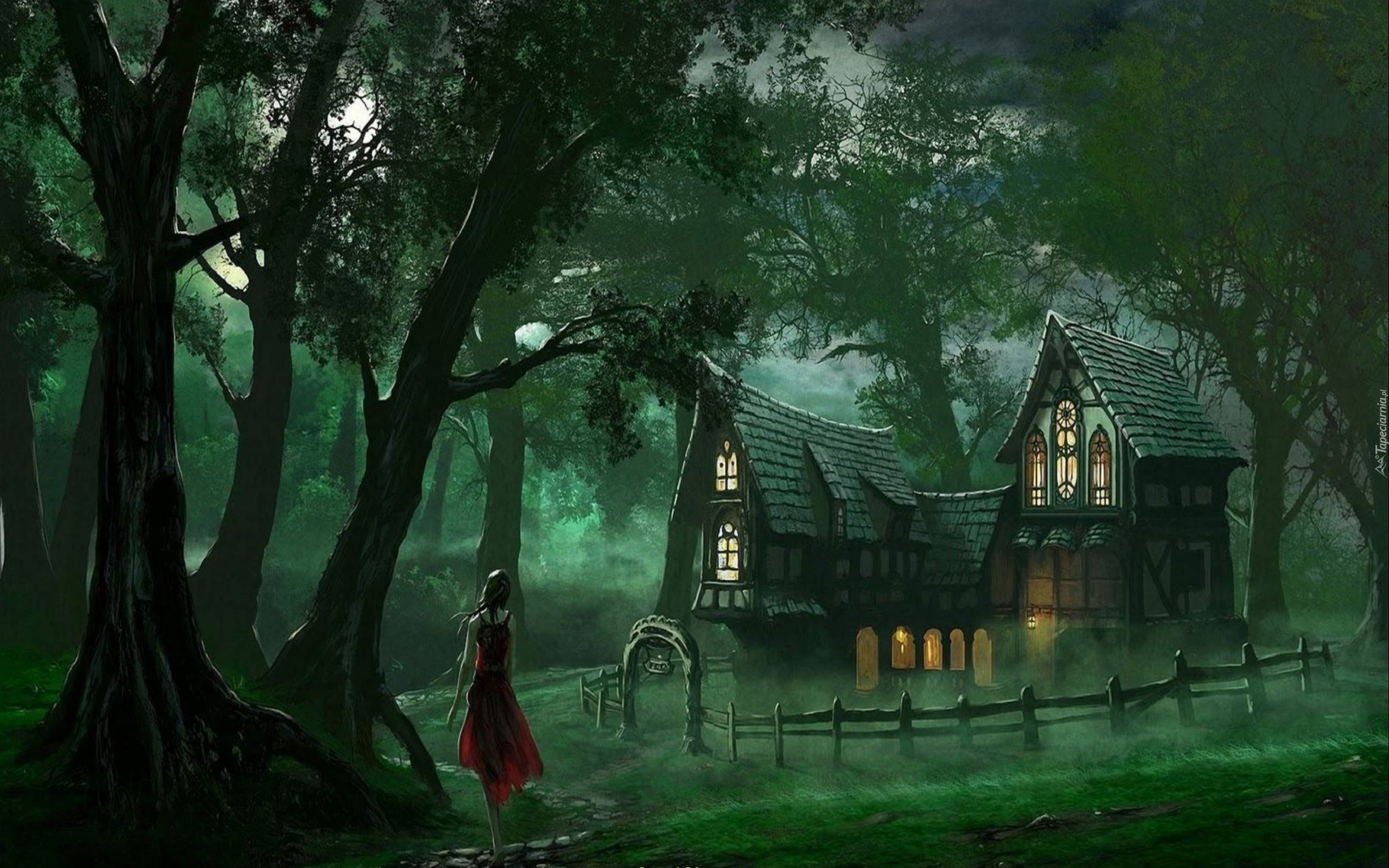 Edytor tapety: Domek, Drzewa, Dziewczyna, Płot, Noc
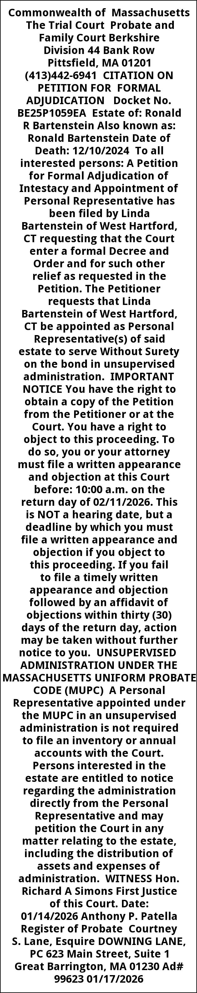 Commonwealth of Massachusetts The Trial Court Probate and Family Court Berkshire Division 44 Bank Row Pittsfield, MA 01201 (413)442-6941 CITATION ON PETITION FOR FORMAL ADJUDICATION Docket No. BE25P1059EA Estate of: Ronald R Bartenstein Also known as: Ronald Bartenstein Date of Death: 12/10/2024 To all interested persons: A Petition for Formal Adjudication of Intestacy and Appointment of Personal Representative has been filed by Linda Bartenstein of West Hartford, CT requesting that the Court enter a formal Decree and Order and for such other relief as requested in the Petition. The Petitioner requests that Linda Bartenstein of West Hartford, CT be appointed as Personal Representative(s) of said estate to serve Without Surety on the bond in unsupervised administration. IMPORTANT NOTICE You have the right to obtain a copy of the Petition from the Petitioner or at the Court. You have a right to object to this proceeding. To do so, you or your attorney must file a written appearance and objection at this Court before: 10:00 a.m. on the return day of 02/11/2026. This is NOT a hearing date, but a deadline by which you must file a written appearance and objection if you object to this proceeding. If you fail to file a timely written appearance and objection followed by an affidavit of objections within thirty (30) days of the return day, action may be taken without further notice to you. UNSUPERVISED ADMINISTRATION UNDER THE MASSACHUSETTS UNIFORM PROBATE CODE (MUPC) A Personal Representative appointed under the MUPC in an unsupervised administration is not required to file an inventory or annual accounts with the Court. Persons interested in the estate are entitled to notice regarding the administration directly from the Personal Representative and may petition the Court in any matter relating to the estate, including the distribution of assets and expenses of administration. WITNESS Hon. Richard A Simons First Justice of this Court. Date: 01/14/2026 Anthony P. Patella Register of Probate Courtney S. Lane, Esquire DOWNING LANE, PC 623 Main Street, Suite 1 Great Barrington, MA 01230 Ad# 99623 01/17/2026
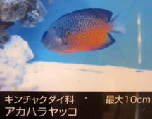 akahimeji[魚]アカヒメジ: akahire-ishimochi[魚]アカヒレイシモチ: redfin cardinalfish, [学名]Apogon rhodopterus Bleeker [テンジクダイ科]. akahire-tabira[魚]アカヒレタビラ: rock bitterling, rice chul, [学名]Acheilognathus tabira subsp. [コイ科の淡水魚]. akahitode-yadorinina[動]アカヒトデヤドリニナ: [学名]Stilifer akahitode[ハナゴウナ科]. akahoshi-kakure-ebi[動]アカホシカクレエビ: [学名]Periclimenes sp.[テナガエビ科]. akahoshi-kanidamashiアカホシカニダマシ: [学名]Neopetrolisthes maculatus. akahoshi-kitsunebera[魚]アカホシキツネベラ: whitespotted hogfish, [学名]Bodianus luteopunctatus (Smith) [ベラ科]. akaigareishi[貝]アカイガレイシ: [学名]Drupa rubuscaesius (Ro"ding) [アツキガイ科の巻貝].
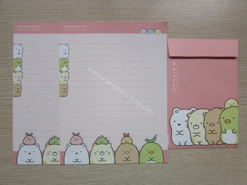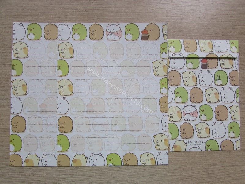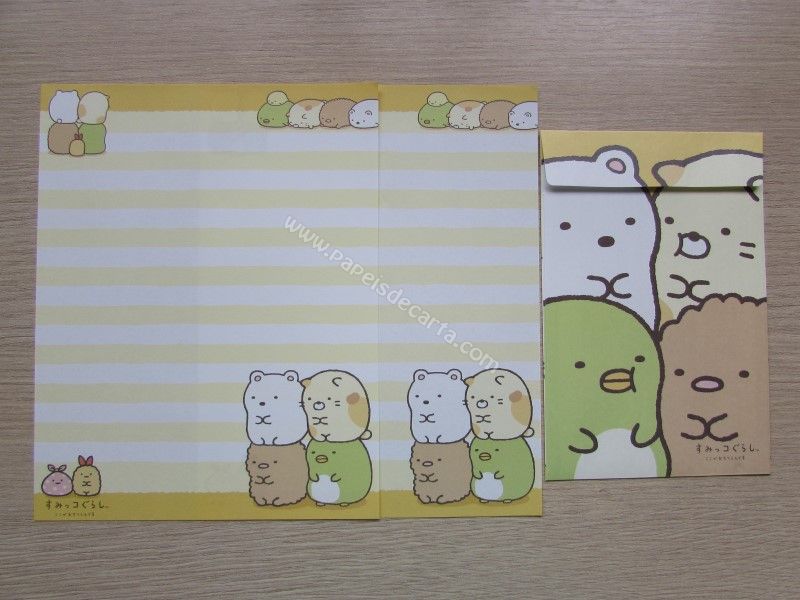 Lote com 4 Conjunto importado, de papel de carta do Sumikko Gurashi da San-X, com 2 folhas iguais e 1 envelope.
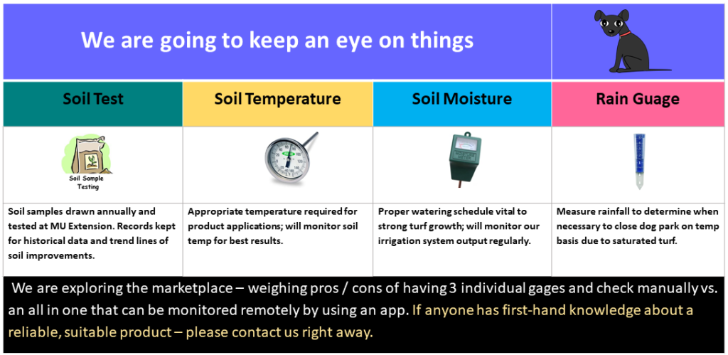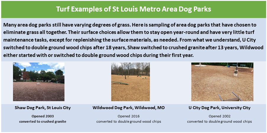 All struggle with turf issues. Like we have said many times – dog parks are in their own universe! From 2016-2018, SWCDP founded and managed a group of St Louis Metro Area Dog Park Managers which included many Municipal Parks Dept Managers as well as volunteers managing City parks. The group met 3-4 times per year, as needed, and a variety of dog park management issues were shared as we all looked for improvement opportunities. Turf management was a constant topic.
::::::::::
• Problem:
Write out exactly the lines from the one containing "Lote com 4 Conjunto" to the last line of the records above, both included, and leave out any pictures.

• Reply to the exercise:
 Lote com 4 Conjunto importado, de papel de carta do Sumikko Gurashi da San-X, com 2 folhas iguais e 1 envelope.
 All struggle with turf issues. Like we have said many times – dog parks are in their own universe! From 2016-2018, SWCDP founded and managed a group of St Louis Metro Area Dog Park Managers which included many Municipal Parks Dept Managers as well as volunteers managing City parks. The group met 3-4 times per year, as needed, and a variety of dog park management issues were shared as we all looked for improvement opportunities. Turf management was a constant topic.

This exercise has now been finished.